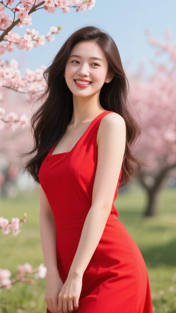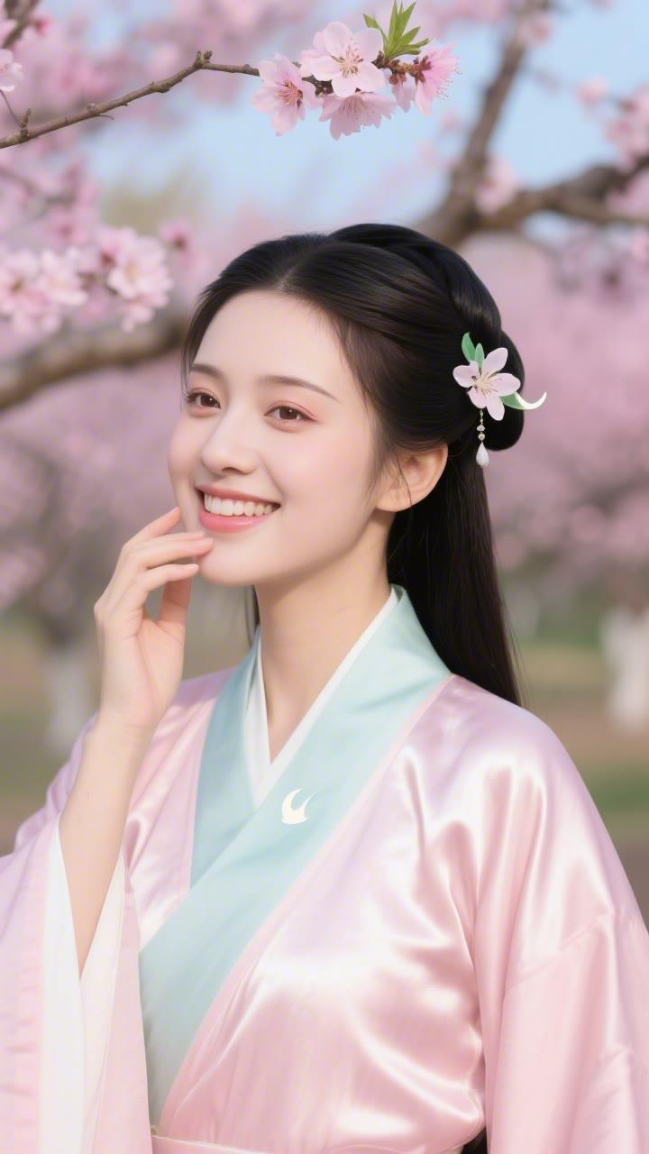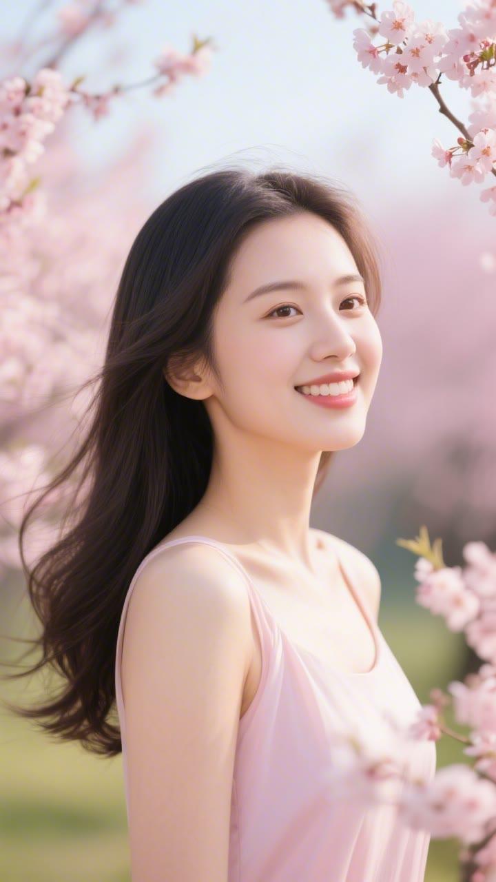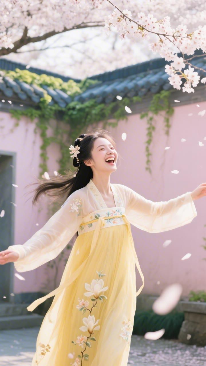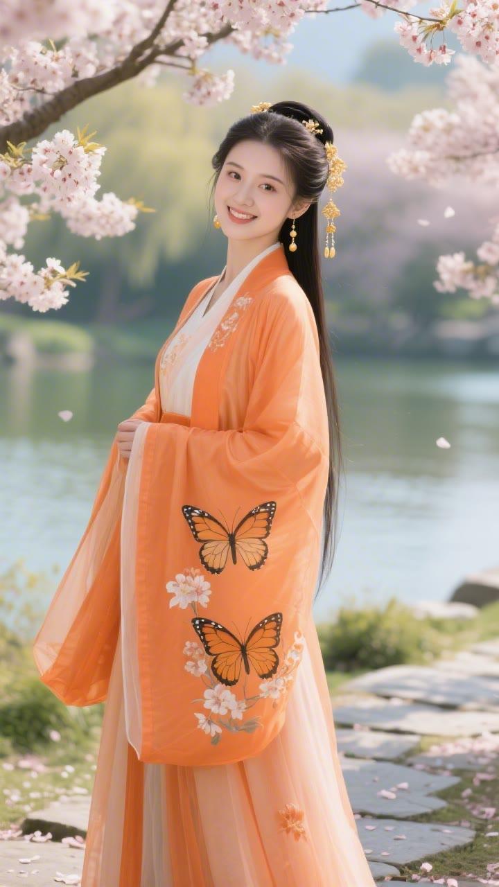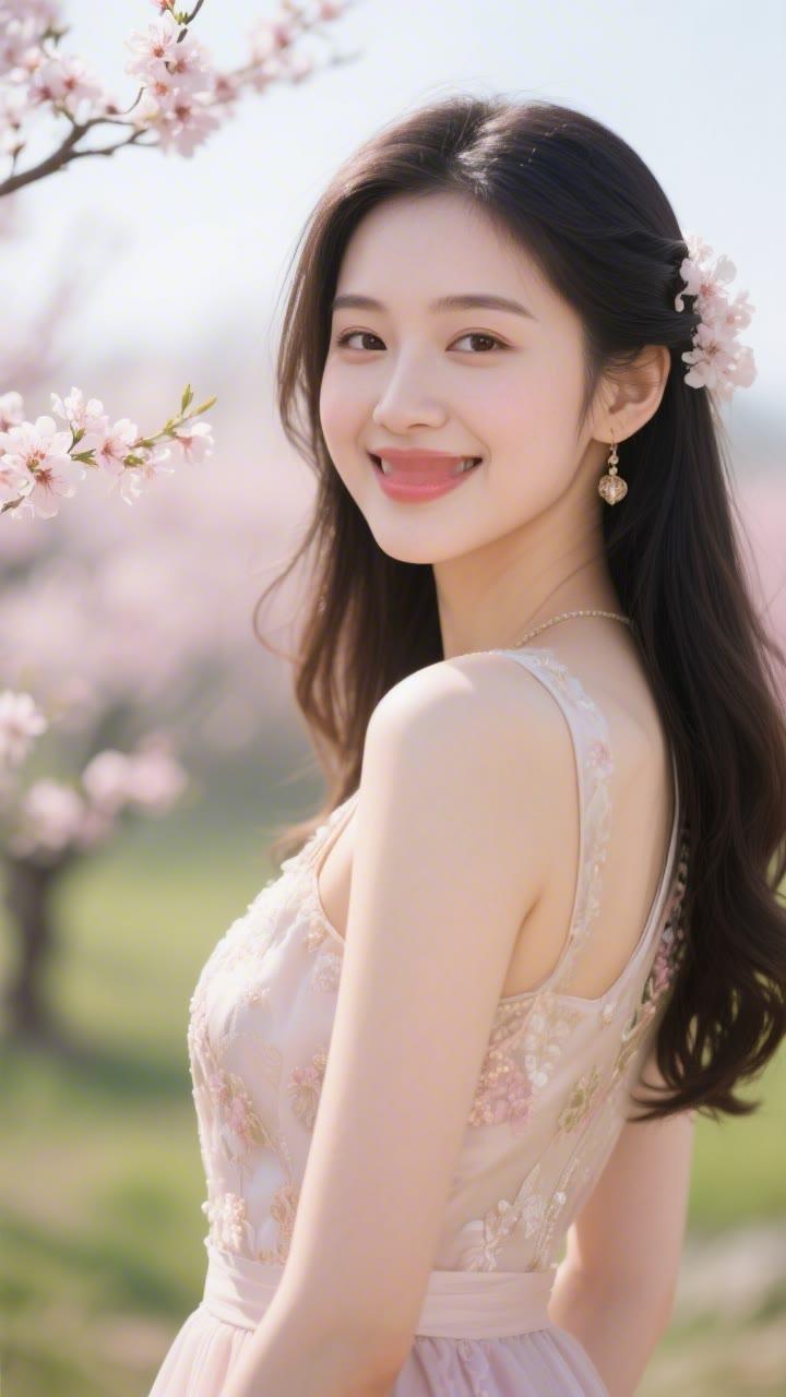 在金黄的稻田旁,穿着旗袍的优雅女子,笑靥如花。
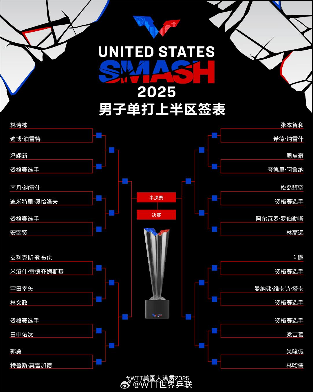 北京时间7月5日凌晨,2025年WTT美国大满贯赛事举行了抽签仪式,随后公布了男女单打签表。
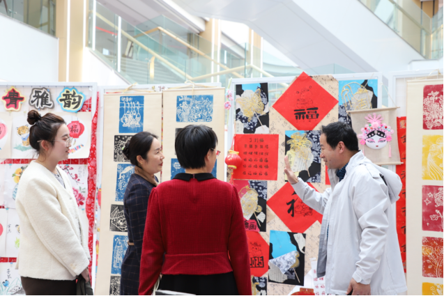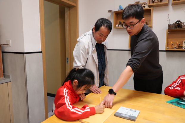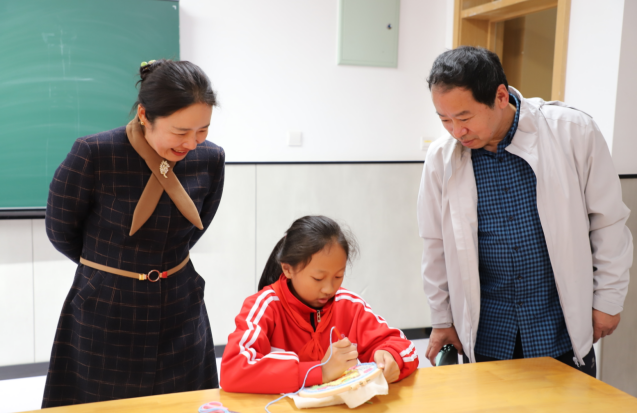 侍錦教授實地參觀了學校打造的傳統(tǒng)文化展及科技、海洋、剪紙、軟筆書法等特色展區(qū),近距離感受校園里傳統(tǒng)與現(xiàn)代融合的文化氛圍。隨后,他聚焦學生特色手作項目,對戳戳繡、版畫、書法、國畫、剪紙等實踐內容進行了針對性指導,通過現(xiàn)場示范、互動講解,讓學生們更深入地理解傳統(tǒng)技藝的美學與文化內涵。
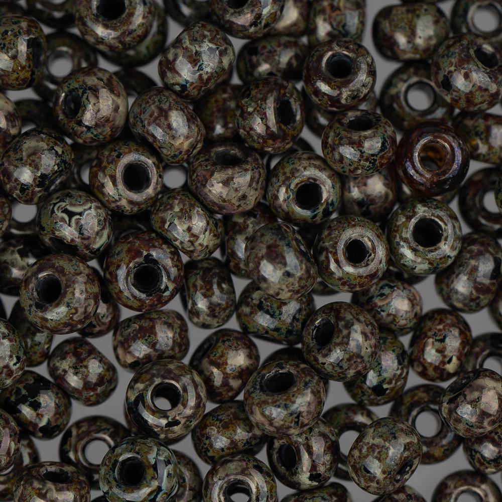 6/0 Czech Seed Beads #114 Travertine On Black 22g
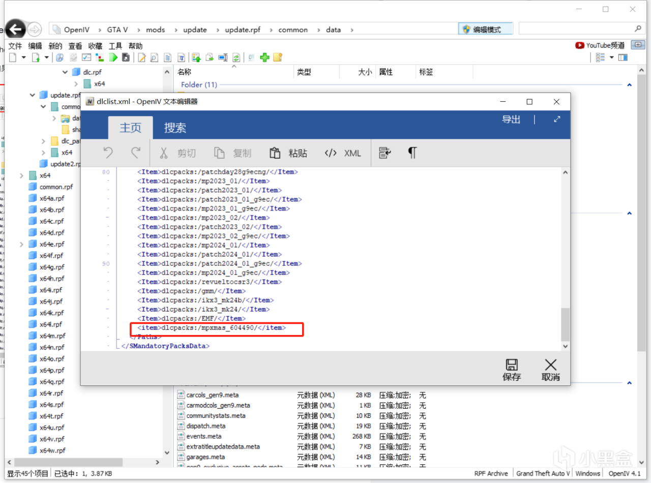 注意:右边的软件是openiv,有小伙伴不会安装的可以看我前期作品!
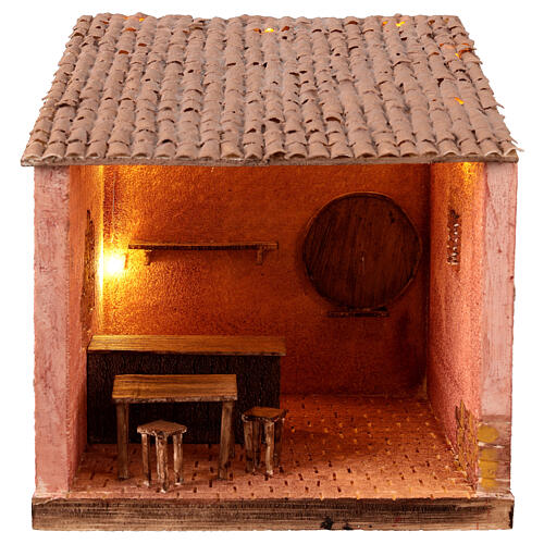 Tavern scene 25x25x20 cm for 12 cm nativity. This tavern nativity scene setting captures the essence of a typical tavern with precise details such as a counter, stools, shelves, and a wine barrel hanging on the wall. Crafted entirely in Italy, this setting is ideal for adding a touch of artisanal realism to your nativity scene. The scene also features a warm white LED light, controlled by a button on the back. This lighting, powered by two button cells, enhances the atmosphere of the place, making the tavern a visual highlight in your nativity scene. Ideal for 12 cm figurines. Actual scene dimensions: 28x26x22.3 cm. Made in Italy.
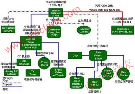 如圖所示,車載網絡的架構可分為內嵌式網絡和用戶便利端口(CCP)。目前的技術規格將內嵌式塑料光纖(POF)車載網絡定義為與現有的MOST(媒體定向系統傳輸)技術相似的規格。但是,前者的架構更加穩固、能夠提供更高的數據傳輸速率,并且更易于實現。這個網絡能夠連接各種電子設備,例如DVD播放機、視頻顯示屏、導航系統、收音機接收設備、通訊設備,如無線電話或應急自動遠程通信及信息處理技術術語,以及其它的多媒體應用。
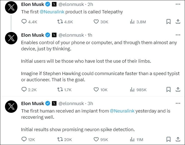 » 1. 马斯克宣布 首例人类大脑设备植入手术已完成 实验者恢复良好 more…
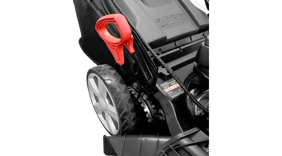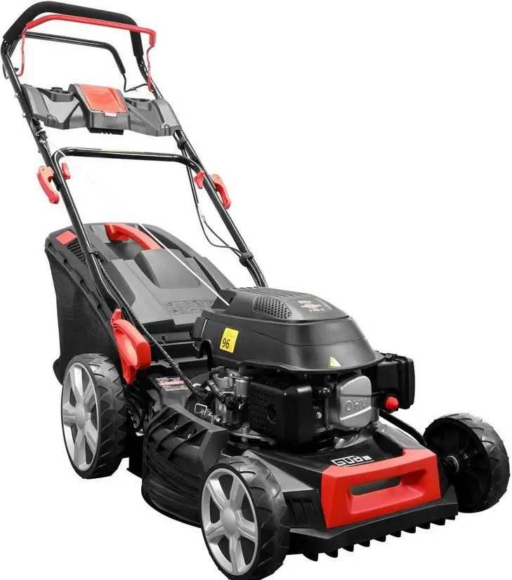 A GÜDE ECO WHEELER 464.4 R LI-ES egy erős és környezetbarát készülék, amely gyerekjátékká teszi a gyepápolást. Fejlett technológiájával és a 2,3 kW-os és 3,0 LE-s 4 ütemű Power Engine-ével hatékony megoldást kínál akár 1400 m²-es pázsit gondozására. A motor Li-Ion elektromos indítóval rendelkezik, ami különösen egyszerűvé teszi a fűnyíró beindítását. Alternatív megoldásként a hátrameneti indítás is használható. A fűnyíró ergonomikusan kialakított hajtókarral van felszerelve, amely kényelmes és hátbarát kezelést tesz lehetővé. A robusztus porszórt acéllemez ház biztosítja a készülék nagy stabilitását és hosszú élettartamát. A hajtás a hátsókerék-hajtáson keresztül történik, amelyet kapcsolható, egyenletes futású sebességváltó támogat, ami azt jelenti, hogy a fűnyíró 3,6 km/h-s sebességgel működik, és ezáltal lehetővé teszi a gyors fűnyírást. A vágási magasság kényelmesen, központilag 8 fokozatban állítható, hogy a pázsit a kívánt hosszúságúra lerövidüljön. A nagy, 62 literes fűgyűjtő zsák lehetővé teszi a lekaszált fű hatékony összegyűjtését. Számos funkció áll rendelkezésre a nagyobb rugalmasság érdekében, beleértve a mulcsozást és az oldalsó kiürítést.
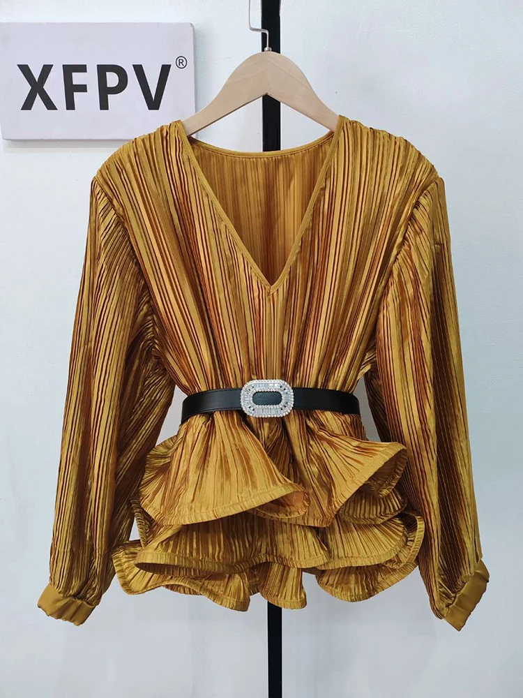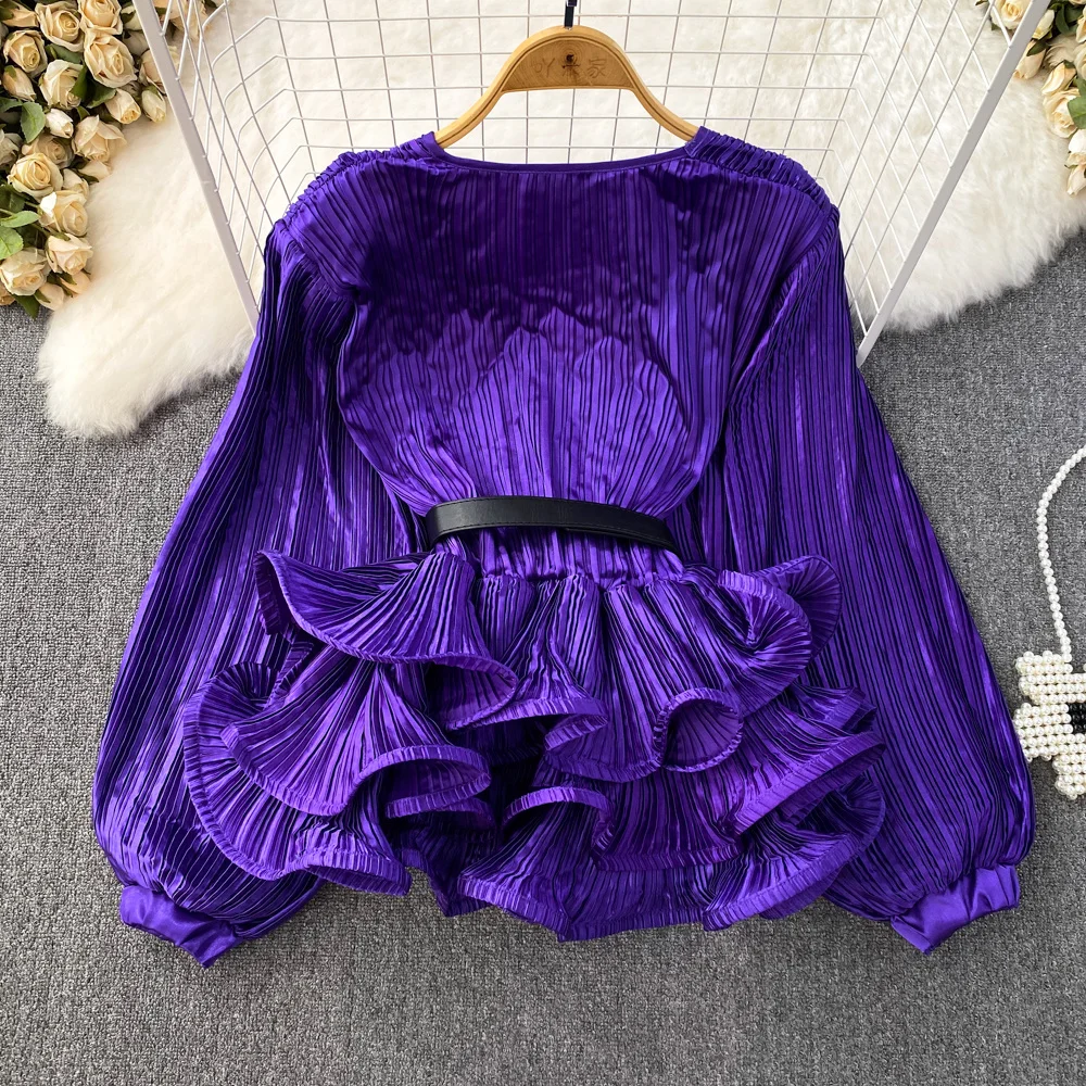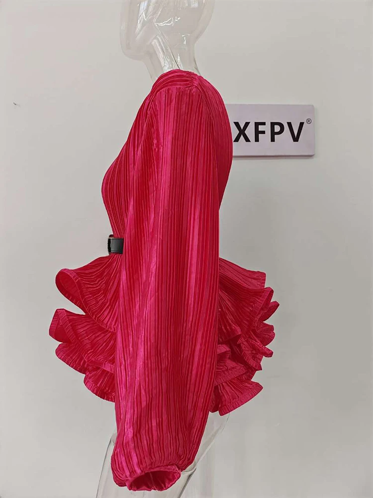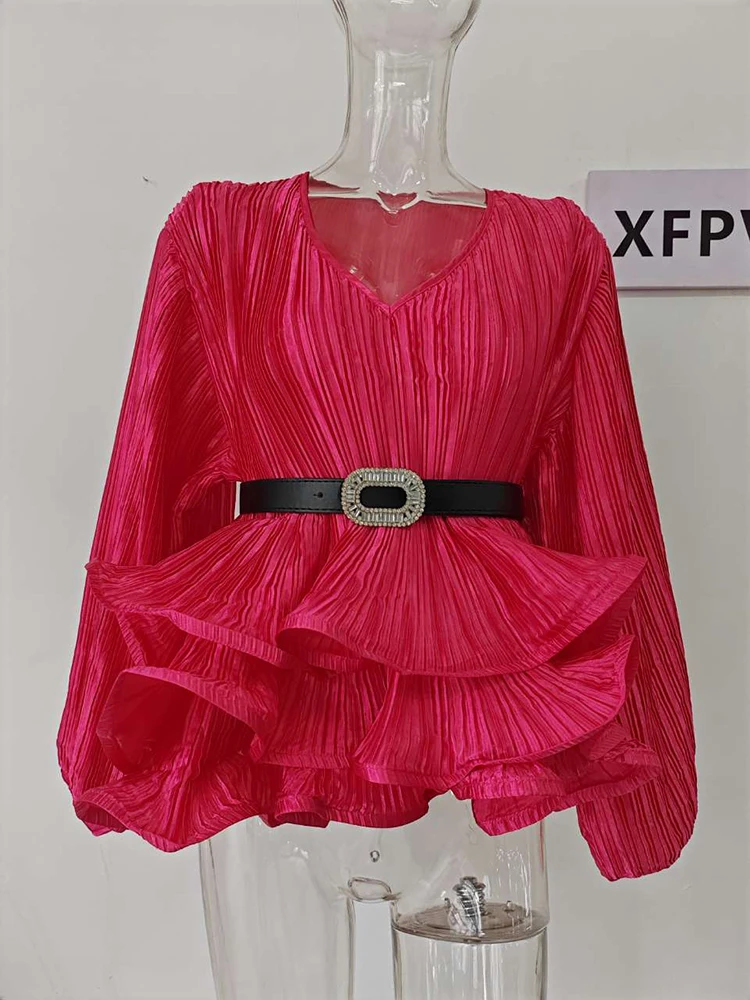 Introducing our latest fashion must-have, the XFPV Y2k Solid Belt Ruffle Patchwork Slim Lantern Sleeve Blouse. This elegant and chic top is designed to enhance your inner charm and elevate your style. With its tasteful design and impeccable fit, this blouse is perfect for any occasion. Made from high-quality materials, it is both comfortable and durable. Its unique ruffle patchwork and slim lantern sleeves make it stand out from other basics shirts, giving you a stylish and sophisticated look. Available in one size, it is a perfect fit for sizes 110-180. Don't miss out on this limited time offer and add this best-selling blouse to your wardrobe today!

Exercise - Give back an exact copy of the material above, omitting the pictures.

Output for this exercise -
 在金黄的稻田旁,穿着旗袍的优雅女子,笑靥如花。
 北京时间7月5日凌晨,2025年WTT美国大满贯赛事举行了抽签仪式,随后公布了男女单打签表。
 侍錦教授實地參觀了學校打造的傳統(tǒng)文化展及科技、海洋、剪紙、軟筆書法等特色展區(qū),近距離感受校園里傳統(tǒng)與現(xiàn)代融合的文化氛圍。隨后,他聚焦學生特色手作項目,對戳戳繡、版畫、書法、國畫、剪紙等實踐內容進行了針對性指導,通過現(xiàn)場示范、互動講解,讓學生們更深入地理解傳統(tǒng)技藝的美學與文化內涵。
 6/0 Czech Seed Beads #114 Travertine On Black 22g
 注意:右边的软件是openiv,有小伙伴不会安装的可以看我前期作品!
 Tavern scene 25x25x20 cm for 12 cm nativity. This tavern nativity scene setting captures the essence of a typical tavern with precise details such as a counter, stools, shelves, and a wine barrel hanging on the wall. Crafted entirely in Italy, this setting is ideal for adding a touch of artisanal realism to your nativity scene. The scene also features a warm white LED light, controlled by a button on the back. This lighting, powered by two button cells, enhances the atmosphere of the place, making the tavern a visual highlight in your nativity scene. Ideal for 12 cm figurines. Actual scene dimensions: 28x26x22.3 cm. Made in Italy.
 如圖所示,車載網絡的架構可分為內嵌式網絡和用戶便利端口(CCP)。目前的技術規格將內嵌式塑料光纖(POF)車載網絡定義為與現有的MOST(媒體定向系統傳輸)技術相似的規格。但是,前者的架構更加穩固、能夠提供更高的數據傳輸速率,并且更易于實現。這個網絡能夠連接各種電子設備,例如DVD播放機、視頻顯示屏、導航系統、收音機接收設備、通訊設備,如無線電話或應急自動遠程通信及信息處理技術術語,以及其它的多媒體應用。
 » 1. 马斯克宣布 首例人类大脑设备植入手术已完成 实验者恢复良好 more…
 A GÜDE ECO WHEELER 464.4 R LI-ES egy erős és környezetbarát készülék, amely gyerekjátékká teszi a gyepápolást. Fejlett technológiájával és a 2,3 kW-os és 3,0 LE-s 4 ütemű Power Engine-ével hatékony megoldást kínál akár 1400 m²-es pázsit gondozására. A motor Li-Ion elektromos indítóval rendelkezik, ami különösen egyszerűvé teszi a fűnyíró beindítását. Alternatív megoldásként a hátrameneti indítás is használható. A fűnyíró ergonomikusan kialakított hajtókarral van felszerelve, amely kényelmes és hátbarát kezelést tesz lehetővé. A robusztus porszórt acéllemez ház biztosítja a készülék nagy stabilitását és hosszú élettartamát. A hajtás a hátsókerék-hajtáson keresztül történik, amelyet kapcsolható, egyenletes futású sebességváltó támogat, ami azt jelenti, hogy a fűnyíró 3,6 km/h-s sebességgel működik, és ezáltal lehetővé teszi a gyors fűnyírást. A vágási magasság kényelmesen, központilag 8 fokozatban állítható, hogy a pázsit a kívánt hosszúságúra lerövidüljön. A nagy, 62 literes fűgyűjtő zsák lehetővé teszi a lekaszált fű hatékony összegyűjtését. Számos funkció áll rendelkezésre a nagyobb rugalmasság érdekében, beleértve a mulcsozást és az oldalsó kiürítést.
 Introducing our latest fashion must-have, the XFPV Y2k Solid Belt Ruffle Patchwork Slim Lantern Sleeve Blouse. This elegant and chic top is designed to enhance your inner charm and elevate your style. With its tasteful design and impeccable fit, this blouse is perfect for any occasion. Made from high-quality materials, it is both comfortable and durable. Its unique ruffle patchwork and slim lantern sleeves make it stand out from other basics shirts, giving you a stylish and sophisticated look. Available in one size, it is a perfect fit for sizes 110-180. Don't miss out on this limited time offer and add this best-selling blouse to your wardrobe today!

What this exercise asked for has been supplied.